== Record excerpts ==
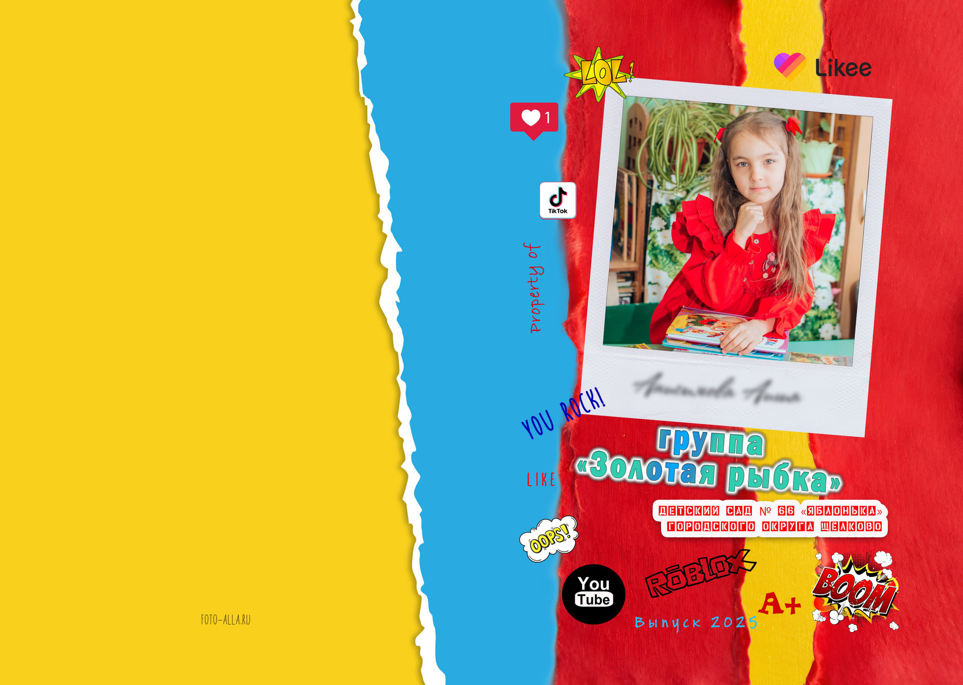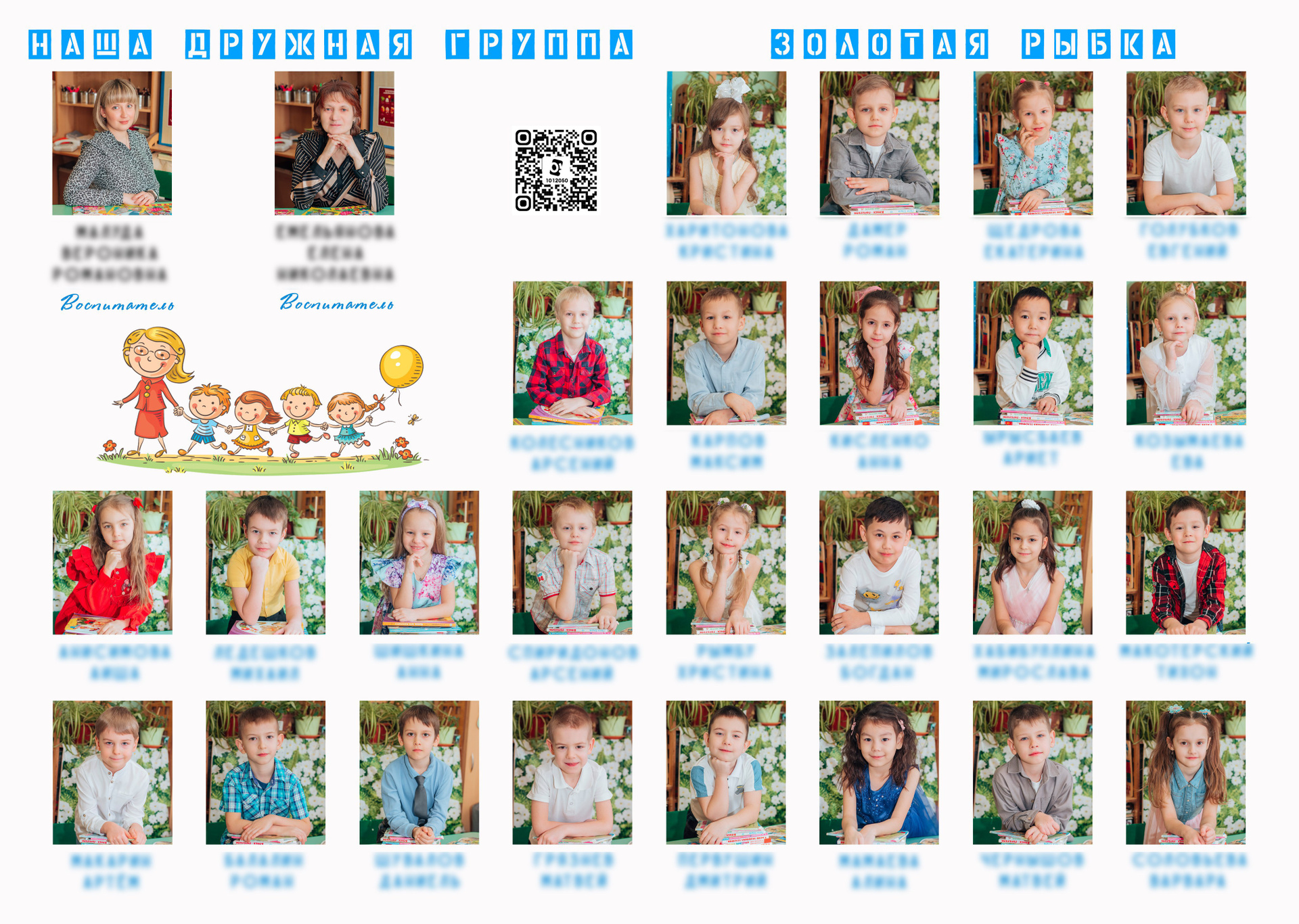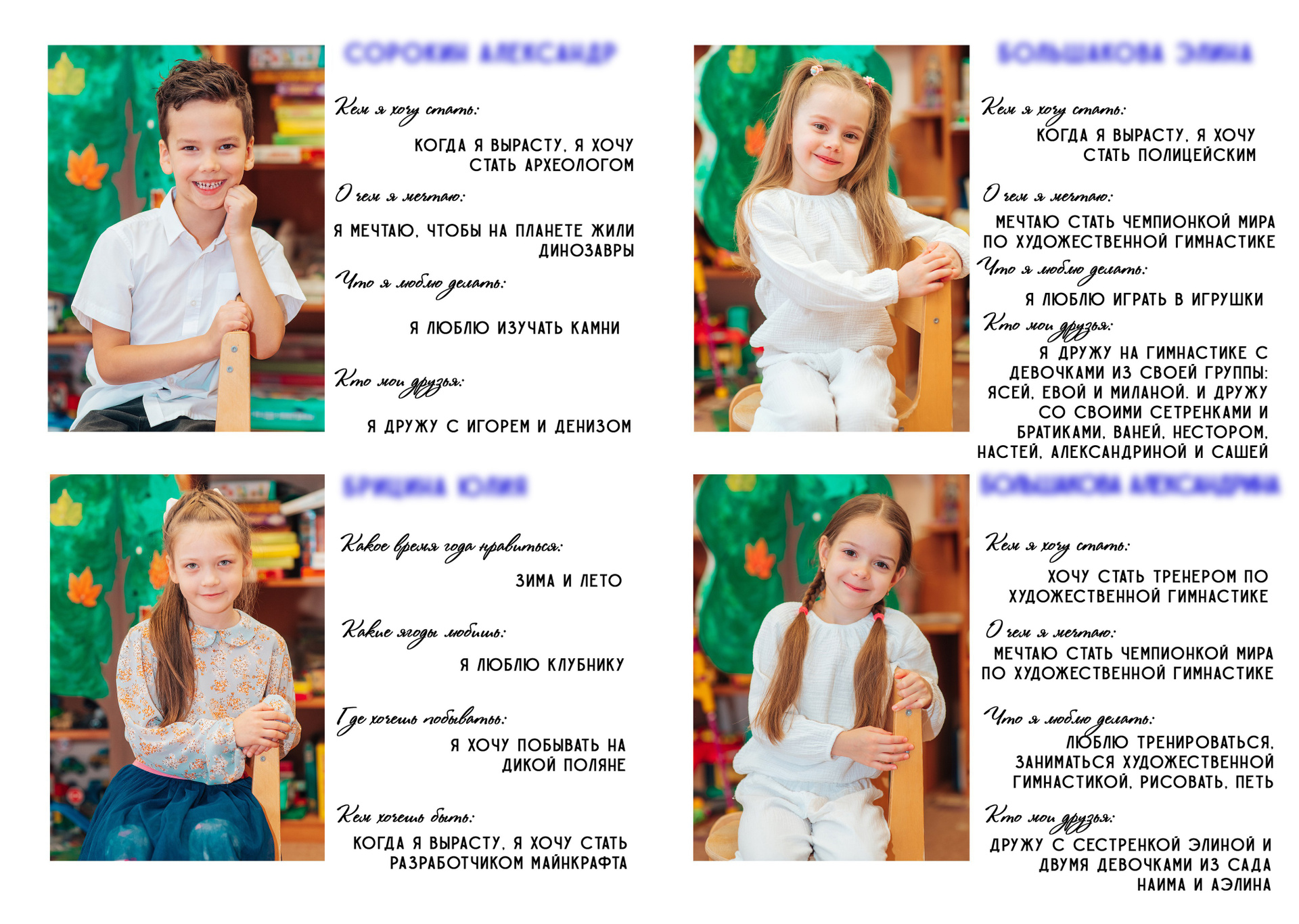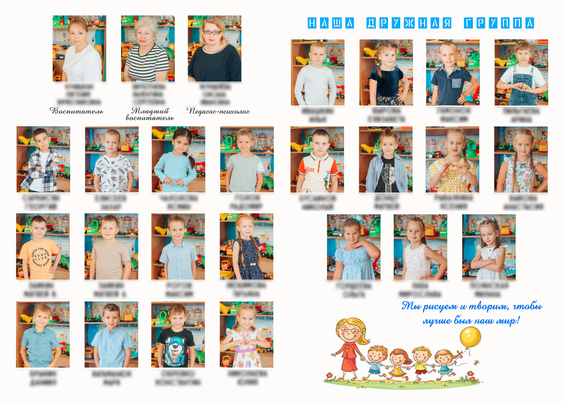 Индивидуальный альбом с анкетой и рисунком от 10 разворотов. Это значит, что на каждой фотографии будет владелец альбома. Количество разворотов зависит от количества детей и формируется так, что бы у вас было 5 индивидуальных разворотов вашего ребенка. В альбом входят 2 оживающие фотографии. Воспитатель + общая фотография с детьми. Может оживать каждый ребенок по договоренности.
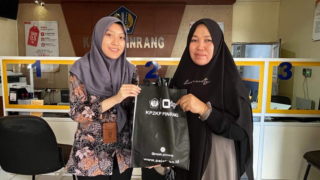 KP2KP Pinrang memberikan goodie bag kepada Ida sebagai apresiasi karena telah taat peraturan perpajakan. KP2KP Pinrang juga berharap agar wajib pajak lain dapat menjalankan kewajiban perpajakannya dengan taat.
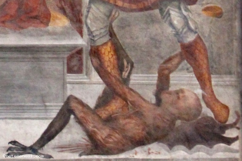 Sempre sul lato sinistro in basso, è presente una piccola figura inginocchiata, raffigurante un frate olivetano. Questa rappresentazione e le sue ridotte dimensioni, starebbero ad indicare che l’affresco fu dipinto su committenza olivetana, probabilmente in contemporanea alla realizzazione del ciclo di affreschi del Sodoma, dedicati alla vita di San Benedetto, fra il 1505 e il 1508. Affreschi che si possono ancora ammirare all’interno del chiostro maggiore di Monte Oliveto.
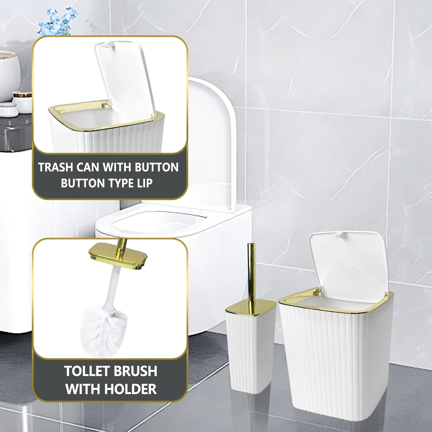 Bathroom Accessory Set White-9Pc Set with Toilet Brush, Trash Can, Soap Dispense
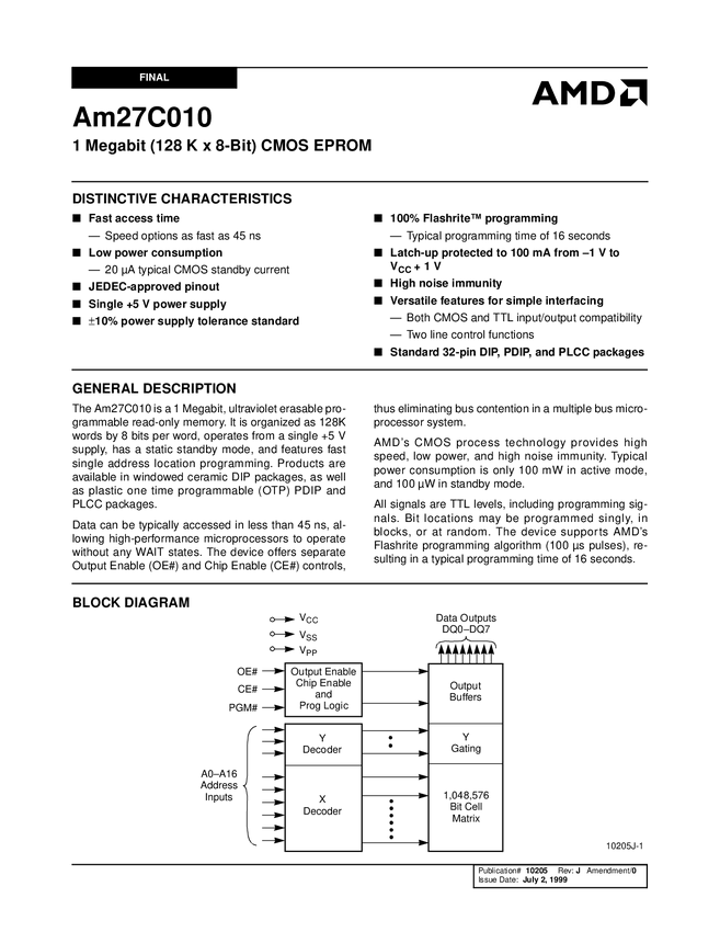 Pamięć EPROM 27C010 DIL32 (UV) AMD 150ns
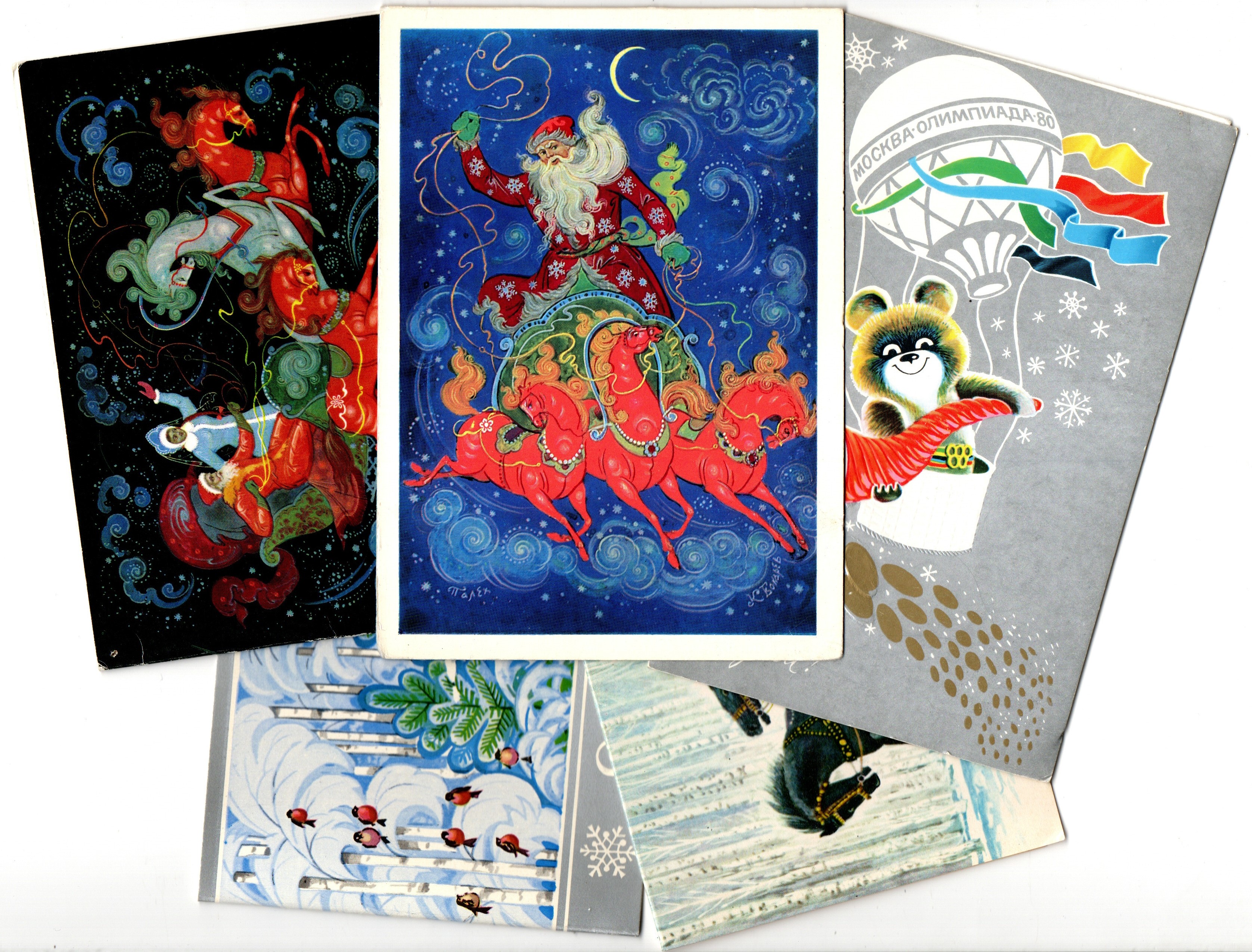 Оригинальная подборка двойных раритетных Новогодних поздравительных открыток — 5 штук— чистые, без повторов, времён СССР. Каждая открытка эксклюзивна и создана талантливыми художниками Советского Союза. Старинные открытки имеют неповторимый стиль СССР и набирают все больше и больше популярности среди коллекционеров.
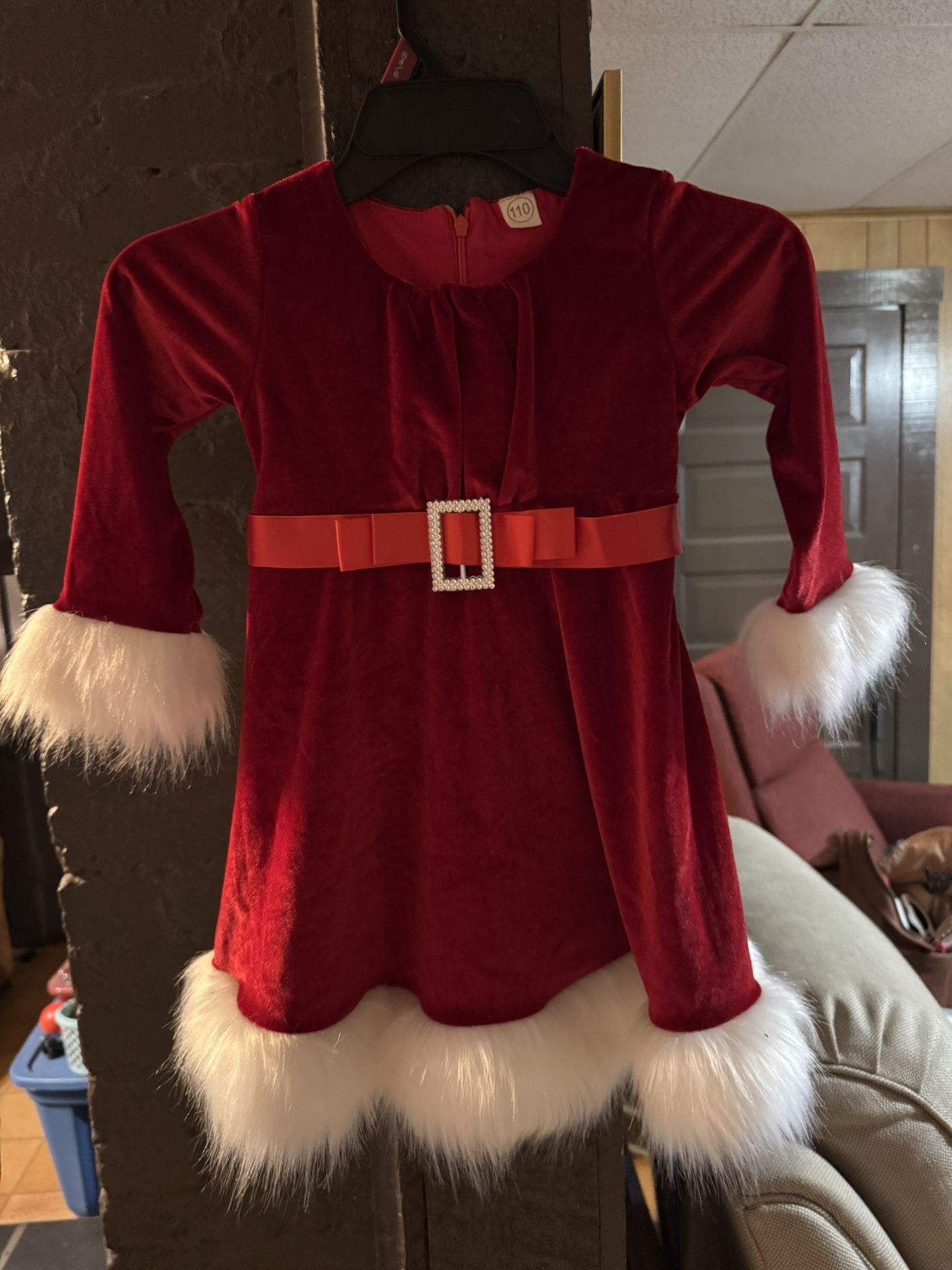 Little girls Christmas dress with white fluffy fur around the arm sleeves & the bottom of the dress worn once size small
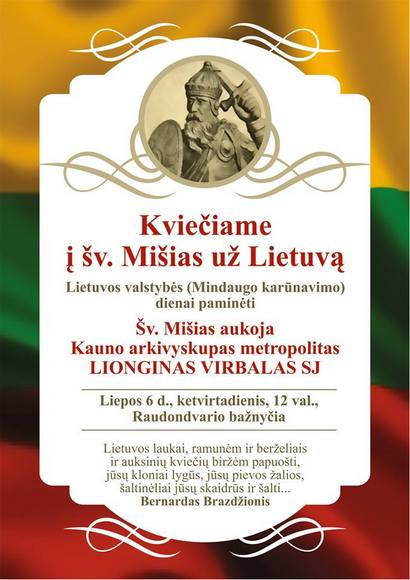 Liepos 6 dieną 12 val. Raudondvario bažnyčioje Kauno arkivyskupas metropolitas Lionginas Virbalas vadovaus šv. Mišioms už Lietuvą. Po šv. Mišių arkivyskupas dalyvaus Kauno r. savivaldybės iškilmingame posėdyje Raudondvario pilyje minint karaliaus Mindaugo karūnavimo dieną.
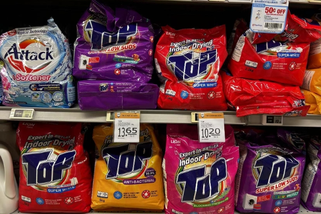 洗衣粉:两袋5公斤装的洗衣粉售价在56-75元(10.2-13.65新币)之间。
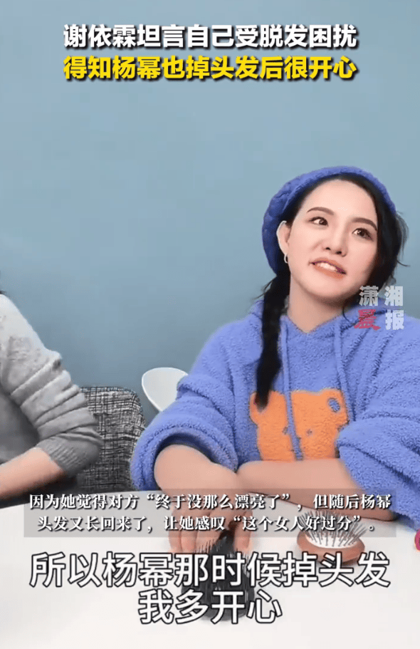 1月29日,在《papi的热烈欢迎》节目中,谢依霖坦言自己受脱发困扰,得知杨幂也曾掉头发时自己感到很开心。因为她觉得对方“终于没那么漂亮了”,但随后杨幂头发又长回来了,让她感叹“这个女人好过分”。
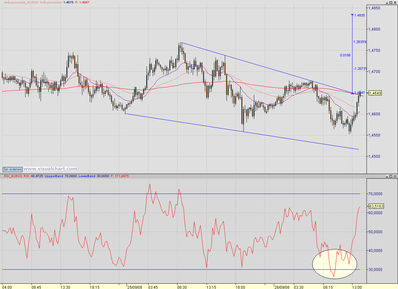 Holas. He estao en er pueblo. La verdad es que el otro día la cagué con el análisis de una forma mu tonta y me costó 50 pips de stop. La divergencia alcista que aparecía en el RSI 15" era más bien dudosilla porque el mínimo del primer pico (punto 2) no era absoluto u sea el mínimo anterior (punto 1) era más hondo y al final, claro, salió rana.
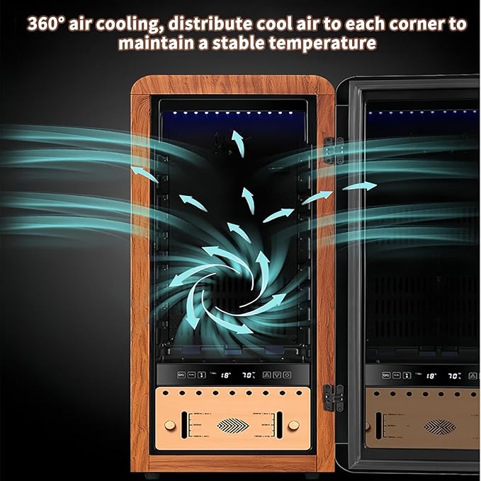 Whether you are aging rare cigars long-term or keeping your daily selections ready to enjoy, this Electronic Cigar Humidor Cabinet with Independent Temperature and Humidity Control delivers professional-grade performance, reliability, and style. Elevate your cigar storage experience and protect your investment with a precision-engineered humidor cabinet built for true connoisseurs.
===
Since the pictures are not wanted, repeat only the rest of the material, exactly as given.

 Индивидуальный альбом с анкетой и рисунком от 10 разворотов. Это значит, что на каждой фотографии будет владелец альбома. Количество разворотов зависит от количества детей и формируется так, что бы у вас было 5 индивидуальных разворотов вашего ребенка. В альбом входят 2 оживающие фотографии. Воспитатель + общая фотография с детьми. Может оживать каждый ребенок по договоренности.
 KP2KP Pinrang memberikan goodie bag kepada Ida sebagai apresiasi karena telah taat peraturan perpajakan. KP2KP Pinrang juga berharap agar wajib pajak lain dapat menjalankan kewajiban perpajakannya dengan taat.
 Sempre sul lato sinistro in basso, è presente una piccola figura inginocchiata, raffigurante un frate olivetano. Questa rappresentazione e le sue ridotte dimensioni, starebbero ad indicare che l’affresco fu dipinto su committenza olivetana, probabilmente in contemporanea alla realizzazione del ciclo di affreschi del Sodoma, dedicati alla vita di San Benedetto, fra il 1505 e il 1508. Affreschi che si possono ancora ammirare all’interno del chiostro maggiore di Monte Oliveto.
 Bathroom Accessory Set White-9Pc Set with Toilet Brush, Trash Can, Soap Dispense
 Pamięć EPROM 27C010 DIL32 (UV) AMD 150ns
 Оригинальная подборка двойных раритетных Новогодних поздравительных открыток — 5 штук— чистые, без повторов, времён СССР. Каждая открытка эксклюзивна и создана талантливыми художниками Советского Союза. Старинные открытки имеют неповторимый стиль СССР и набирают все больше и больше популярности среди коллекционеров.
 Little girls Christmas dress with white fluffy fur around the arm sleeves & the bottom of the dress worn once size small
 Liepos 6 dieną 12 val. Raudondvario bažnyčioje Kauno arkivyskupas metropolitas Lionginas Virbalas vadovaus šv. Mišioms už Lietuvą. Po šv. Mišių arkivyskupas dalyvaus Kauno r. savivaldybės iškilmingame posėdyje Raudondvario pilyje minint karaliaus Mindaugo karūnavimo dieną.
 洗衣粉:两袋5公斤装的洗衣粉售价在56-75元(10.2-13.65新币)之间。
 1月29日,在《papi的热烈欢迎》节目中,谢依霖坦言自己受脱发困扰,得知杨幂也曾掉头发时自己感到很开心。因为她觉得对方“终于没那么漂亮了”,但随后杨幂头发又长回来了,让她感叹“这个女人好过分”。
 Holas. He estao en er pueblo. La verdad es que el otro día la cagué con el análisis de una forma mu tonta y me costó 50 pips de stop. La divergencia alcista que aparecía en el RSI 15" era más bien dudosilla porque el mínimo del primer pico (punto 2) no era absoluto u sea el mínimo anterior (punto 1) era más hondo y al final, claro, salió rana.
 Whether you are aging rare cigars long-term or keeping your daily selections ready to enjoy, this Electronic Cigar Humidor Cabinet with Independent Temperature and Humidity Control delivers professional-grade performance, reliability, and style. Elevate your cigar storage experience and protect your investment with a precision-engineered humidor cabinet built for true connoisseurs.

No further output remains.